Prices of drugs of M/s Otsuka have not been increased during last 5 years and information being provided by some elements in this regard is baseless. In 2011, after devolution of Ministry of Health, almost all six (6) manufacturers of Intravenous (IV) solution increased prices of their drugs and managed to obtain stay orders from the Lahore High Court. The Cabinet Division (Drug Control Administration was under administrative control of Cabinet Division after devolution of the Ministry of Health) contested the cases in the High Court and the Honourable Court directed through Deputy Attorney General to resolve the matter. Accordingly matter was placed before the Drug Pricing Committee (DPC) under the Chair of Secretary, Cabinet Division and IV manufacturers (including Otsuka) appeared before the DPC and explained that due to steep increase in cost of inputs, expenses of IV drugs viz, Polyethylene, Dextrose, Sodium Chloride, Sodium Lactate, activated carbon, cartons, electricity, gas, diesel, freight, minimum wages etc, it had become unviable to produce and market these drugs at previous prices. DPC, after considering all facts, decided to reduce prices of de-controlled IV drugs which were increased by IV manufacturers to unjustified level (after obtaining stay orders from the honourable court) and increased prices of controlled drugs up to justified level.

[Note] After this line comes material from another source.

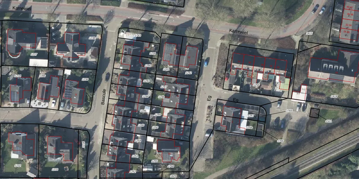 Gebruik de zoekbalk of klik op een perceel voor informatie over de adressen binnen dit perceel.
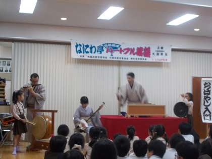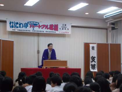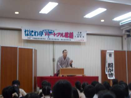 初めて生で落語を鑑賞する児童がほとんどでしたが、落語の歴史や演じ方、扇子の使い方、鑑賞の仕方など、丁寧に教えていただきながら鑑賞しました。楽しい小咄や落語に爆笑の連続でした。おはやしや、落語の体験コーナーもあり、楽しみながら鑑賞、学習することができました。

The Central Licensing Board is an independent statutory body set up by the Federal Government under Section 5 of the Drugs Act, 1976 and consisting of representatives of the Federal Government and the provincial governments. Rule 8 of the Drugs (Licensing, Registration & Advertisement) Rules, 1976 provides composition of the Board whereas rule 10 of the said rules provides procedure for Central Licensing Board for conducting its business. Rule 13 of said rules provides exclusively procedure for renewal of Drug Manufacturing License (DML). The case of M/s Otsuka Pakistan, Hub-Balochistan for renewal of their DML was considered and decided by the Central Licensing Board purely on the merit and as per provisions of law as narrated above. The allegations leveled are totally baseless and not based on facts and are, therefore, strongly rebutted.
Elements involved in heinous crime of illegal manufacturing of banned sex drugs and unauthorized manufacturing of unregistered drugs and violation of licensing rules. Whenever, actions were initiated by DRAP against these elements, they attempt to pressurize officials of DRAP and Ministry, for their vested interests, the statement concluded adding that there will be no compromise on the reform process.